_TASK REQUIREMENTS:_
Set down, exactly as written, the lines from the line holding "พีชเซอร์เกิร์ล" to the end of the data, inclusive, skipping any pictures.

%%

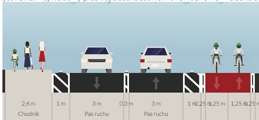
Rysunek 2. Przykładowy przekrój z zaznaczeniem stref ruchu na wiadukcie 5 .
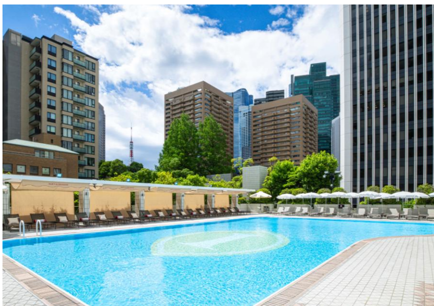
緑に囲まれた都会のオアシス「ガーデンプール」(2026年5月29日撮影)

今年も、フランスのシャンパンメゾン「モエ・エ・シャンドン」とのコラボレーションにより、白と赤を基調とした特製デザインのオーニング(日よけ)やパラソル、クッションを配した、フレンチシックな空間を演出します。さらに、今年からプールサイドの一部をウッドデッキ調にリニューアルし(写真・次頁)、よりリラックス感のある空間に仕上げました。青空の下、プールサイドでシャンパンを嗜む贅沢なひとときをお過ごしいただけます。夕暮れ時には、正面に見える東京タワーが点灯し、プールサイドや水中にもライトアップが加わることで、青と白のコントラストが美しい、涼やかで幻想的なナイトプールへと表情を変えます。
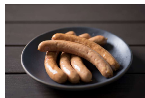
船方ウインナー (5本入) ¥800
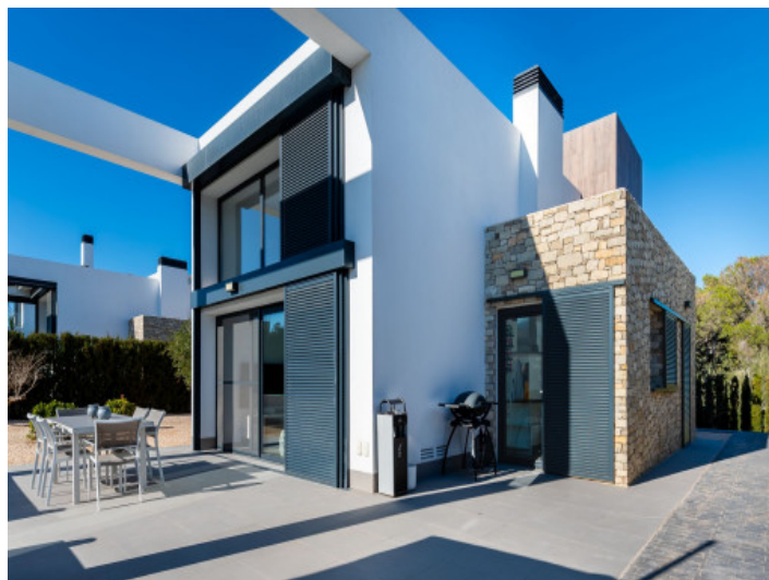
Außenansicht und Terrasse
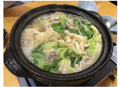
Byobu and Chanko-nabe
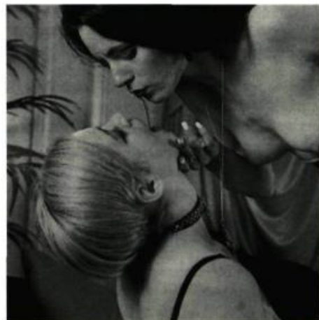
The Elegant Spanking

Ce qui surprend d'emblée, au visionnement de ces courts métrages sexant l'imaginaire lesbien, c'est la variété des approches stylistiques, la variété des discours aussi, et du ton des présentations. Dans le programme Punkilingus , c'est la passion et la violence,
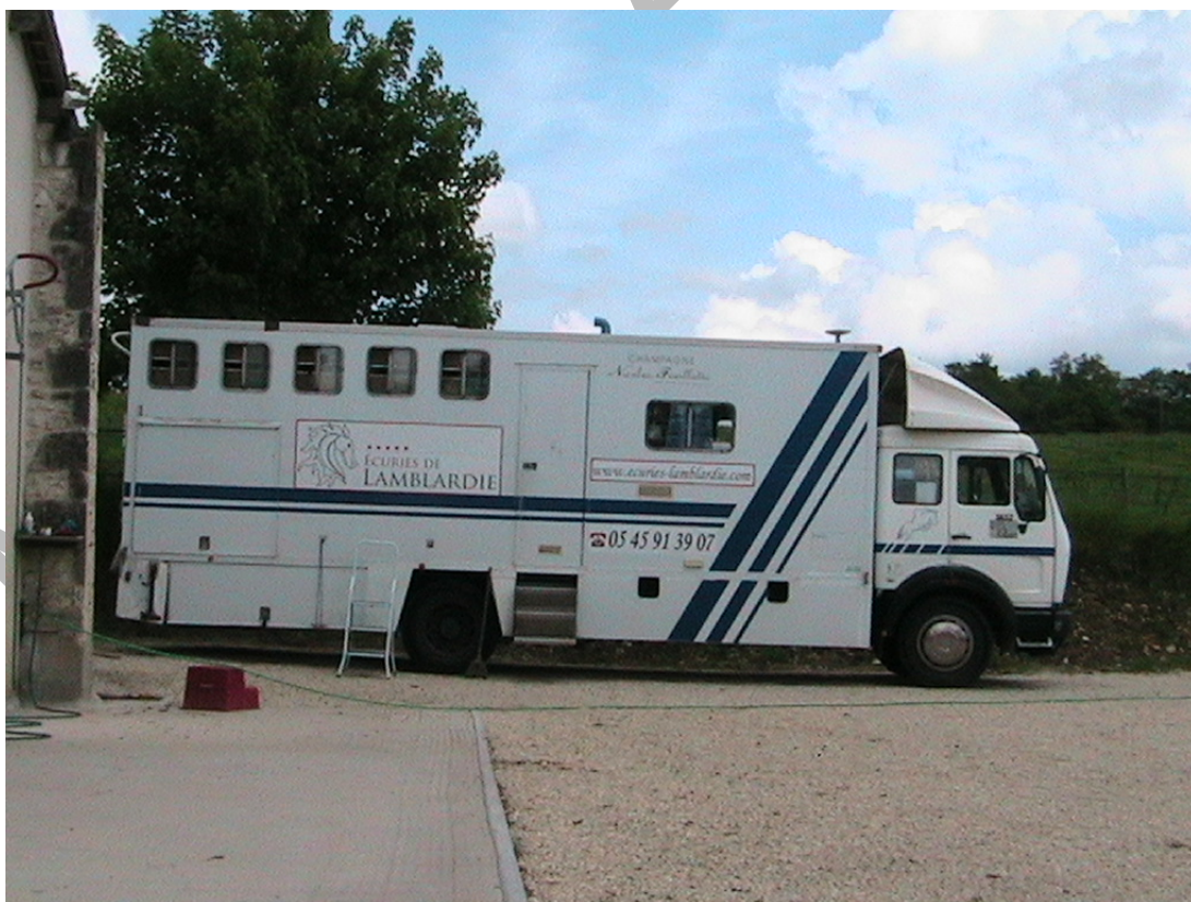
15. ábra Lószállító kamion

A szállítás egy vagy kétállásos lószállító utánfutóval vagy többállásos lószállító kamionnal történhet attól függően, hogy hány lovat akarunk szállítani.
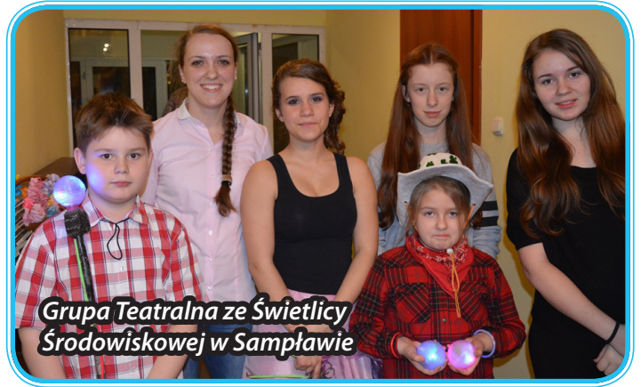
Grupa Teatralna ze Świątlicy Środowiskowej w Samplawie

Forum było okazją do dyskusji, wymiany doświadczeń i pomysłów na temat aktywności i integracji społecznej mieszkańców oraz kształtowania warunków trwałego rozwoju środowiska lokalnego. Warto dodać, że idea organizacji Forum spotkała się z pozytywnym przyjęciem jego uczestników i będzie kontynuowana w kolejnych latach.
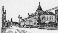
Die Hohenzollernstraße in Tjingtau.
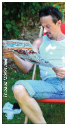
Lecture et farniente.
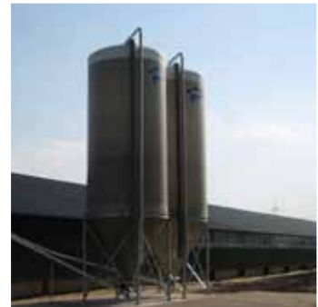
Futtermittelsilo Typ MLR
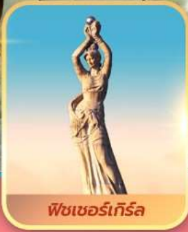
พีชเซอร์เกิร์ล
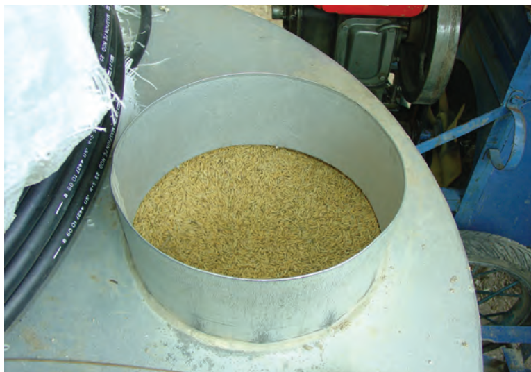
Silo ida ne'ebé uza hodi rai hare, Ra'ano, 2010.
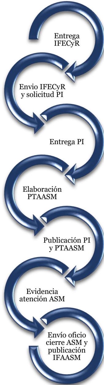
Figura 2. Proceso ASM.
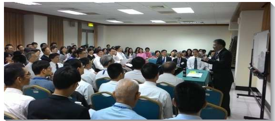
▲大學教職聖徒聚會見證分享

的真理，以及適切的漢語聖經翻譯，就是恢復本聖經，實在需要在中文世界中，作積極的陳明與推廣。為著在中國大陸的傳福音與成全人，尤其需要為倪柝聲弟兄的思想與著作辯護。弟兄鼓勵經過多年學術寫作訓練的教職聖徒拿起負擔，撰寫並陳明倪弟兄思想的學術論文，以匡正外界對其不理性的敵視與汙蔑。
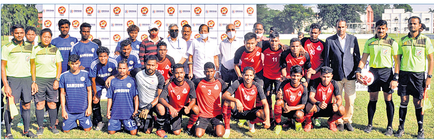
ଆକ୍ଷୟଜିଲା କୁବ ପୁଟବଲ ଚାମ୍ପିୟନଶିପର ଉଦ୍ଘାଟନା ଉତ୍ସବରେ ଅତିଥିକ ସହ ଖେଳାଳିମାନେ।
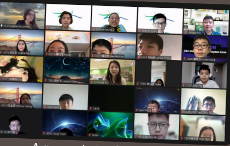
A group photo of all participants in the webinar
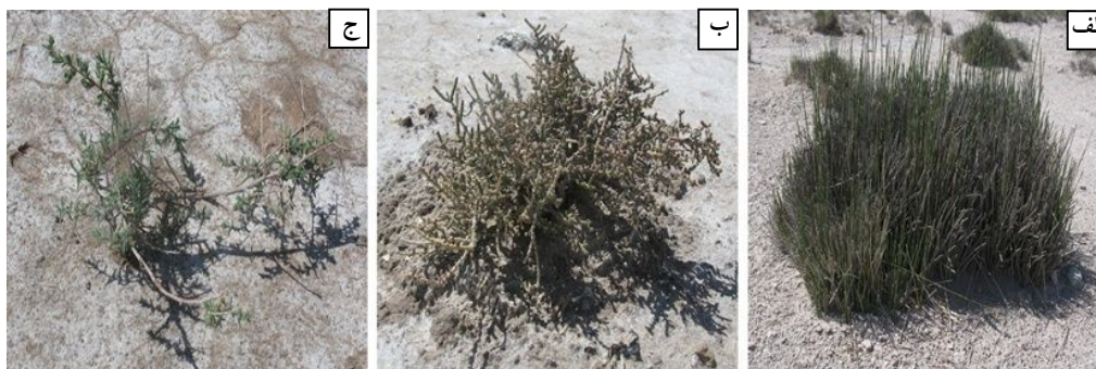
شکل ۲. سه گونه گیاهی مورد مطالعه شامل: الف) Juncus gerardi ، ب) Halocnemum strobilaceum و ج) Salsola rigida

دستگاه شعله‌سنج مدل Corning 405 اندازه‌گیری گردید. همه اندازه‌گیری‌ها در سه تکرار صورت گرفت.
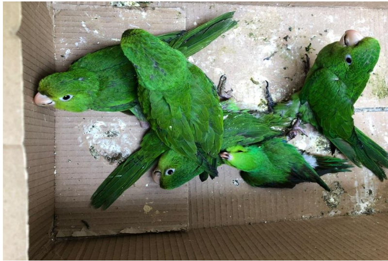
(42857 a 42860) – Maritacas.
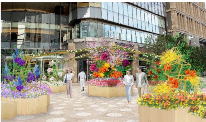
昼の様子 イメージ

都心の屋外に突如現れる、春の訪れと新しい日常の始まりを楽しむこの空間は、昼と夜でドラマティックに変化します。HIBIYA BLOSSOM GARDENのソーシャルディスタンスが保たれたベンチに座り、昼は春の日差しと花のエネルギーを、夜は幻想的な光のイルミネーションと特別演出で癒されてみませんか。
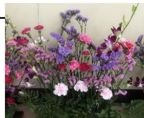
【入学式を飾った華道部の生け花】

%%

_TASK OUTPUT:_
พีชเซอร์เกิร์ล
Silo ida ne'ebé uza hodi rai hare, Ra'ano, 2010.
Figura 2. Proceso ASM.
▲大學教職聖徒聚會見證分享

的真理，以及適切的漢語聖經翻譯，就是恢復本聖經，實在需要在中文世界中，作積極的陳明與推廣。為著在中國大陸的傳福音與成全人，尤其需要為倪柝聲弟兄的思想與著作辯護。弟兄鼓勵經過多年學術寫作訓練的教職聖徒拿起負擔，撰寫並陳明倪弟兄思想的學術論文，以匡正外界對其不理性的敵視與汙蔑。
ଆକ୍ଷୟଜିଲା କୁବ ପୁଟବଲ ଚାମ୍ପିୟନଶିପର ଉଦ୍ଘାଟନା ଉତ୍ସବରେ ଅତିଥିକ ସହ ଖେଳାଳିମାନେ।
A group photo of all participants in the webinar
شکل ۲. سه گونه گیاهی مورد مطالعه شامل: الف) Juncus gerardi ، ب) Halocnemum strobilaceum و ج) Salsola rigida

دستگاه شعله‌سنج مدل Corning 405 اندازه‌گیری گردید. همه اندازه‌گیری‌ها در سه تکرار صورت گرفت.
(42857 a 42860) – Maritacas.
昼の様子 イメージ

都心の屋外に突如現れる、春の訪れと新しい日常の始まりを楽しむこの空間は、昼と夜でドラマティックに変化します。HIBIYA BLOSSOM GARDENのソーシャルディスタンスが保たれたベンチに座り、昼は春の日差しと花のエネルギーを、夜は幻想的な光のイルミネーションと特別演出で癒されてみませんか。
【入学式を飾った華道部の生け花】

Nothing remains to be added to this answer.